The Automaton clamped one hand over the other until he reached the main cable. He hefted himself up onto the main cable as the second dynamite-tipped harpoon flew toward him.
This time he ran down the cable, letting it explode behind him. The force of the blast ripped away the remains of his jacket and shirt, revealing the rows of clockwork cogs underneath. He rose up into the air slightly, and for a moment Tom seemed to be almost skating down the thick wire, the energy of the blast propelling him forward.
As he reached the end of the cable and was about to step onto the anchorage, a harpoon slammed directly into his torso, halting his movement. An instant later a second spear found a weaker spot and tore straight through him, pulling out some of the gears and wires from his body as it exited through his back. As he began to slide off the wire, the Automaton threw h
imself into the air. His graceful landing was interrupted by a stick of dynamite that exploded underneath him, throwing him back into the air. He landed flat on his back, his brass frame smacking into the stone of the anchorage with a clang.
Doc Dynamite and the Bomb Lance were standing only ten feet away. “I think we broke the bronco, Murphy.” The Texan said it with a note of triumph in his voice.
“Why don't you toss one more of those bombs of yours at him to make sure, if you don't mind.”
“It's called dynamite, and we're too close.” The cowboy pulled out another stick, lit it, and casually chucked it. “We'd best run.”
They headed down the road toward the balloon, and the Automaton jerked up behind them. His porcelain faceplate had been shattered and blackened by the blast, and it was clear by the way he twitched as he tried to move that the explosions had done something unpleasant to his mechanisms. His arm reached out and grabbed the dynamite stick, then hurled it back toward the other two men. It exploded in midair as it sailed toward them. The force of the blast knocked both men to the ground, smacking the air out of their lungs, leaving them gasping and coughing.

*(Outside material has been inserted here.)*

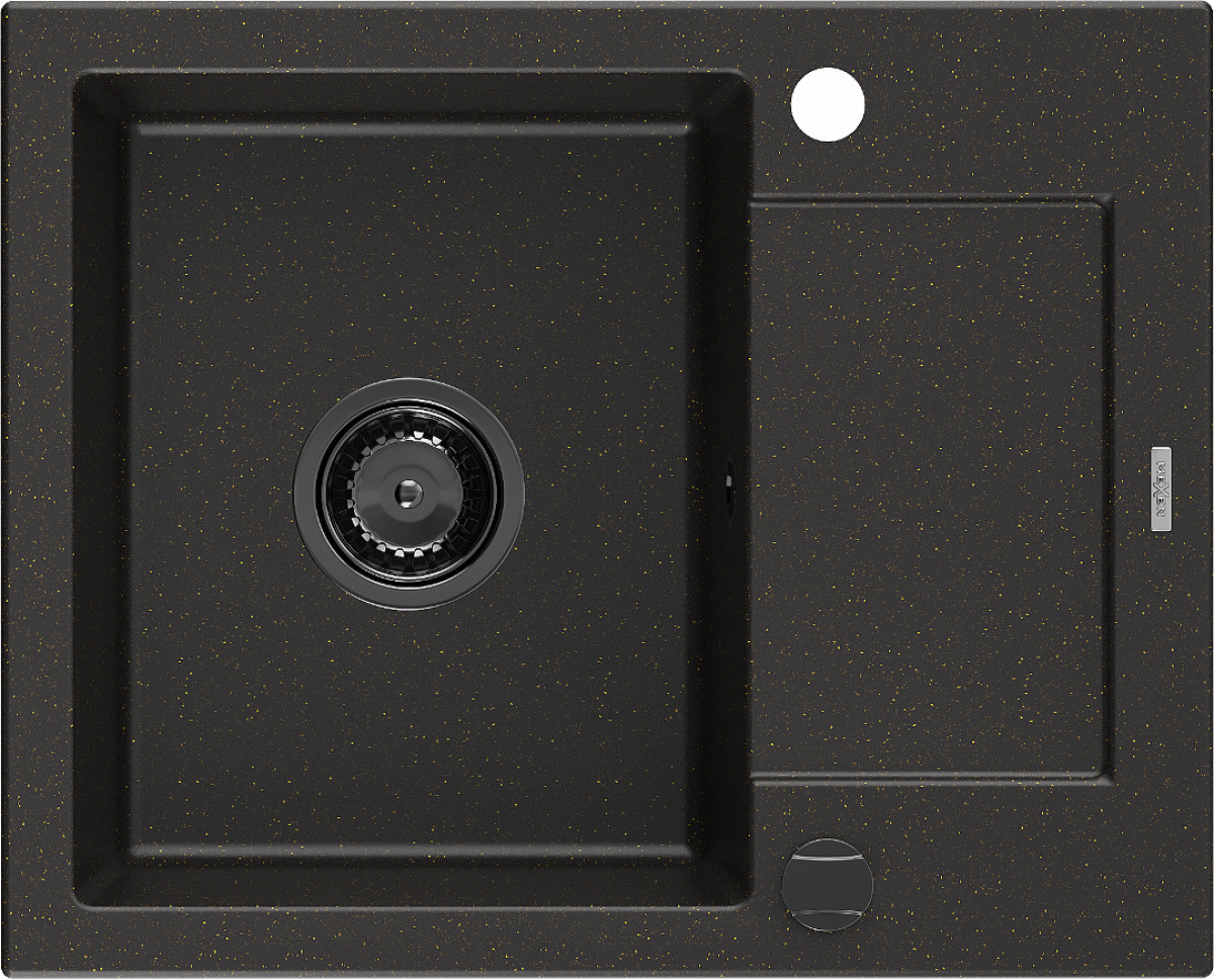 Mexen Enzo Chiuveta bucatarie granit 1 cuva + picurator+ cadou pop up sifon 576 x 465 mm, negru / auriu, sifon negru - 6506571005-75-B Prezentarea

The Automaton stepped out of the smoke, standing only a few feet away from the Bomb Lance. “You will give me the…key.”
The Irishman got up to his knees and pointed his right arm at Tom. The Automaton grabbed the spear and twisted, then yanked the harpoon completely out of the frame. There was a popping sound as the metal wires tore free from tension, then a plink as they snapped. He threw the harpoon and a chunk of the frame over the edge of the anchorage.
“No more of that.” He stepped on the Irishman's chest and leaned forward, letting his considerable weight keep the air from coming back into his lungs. “I want the key.”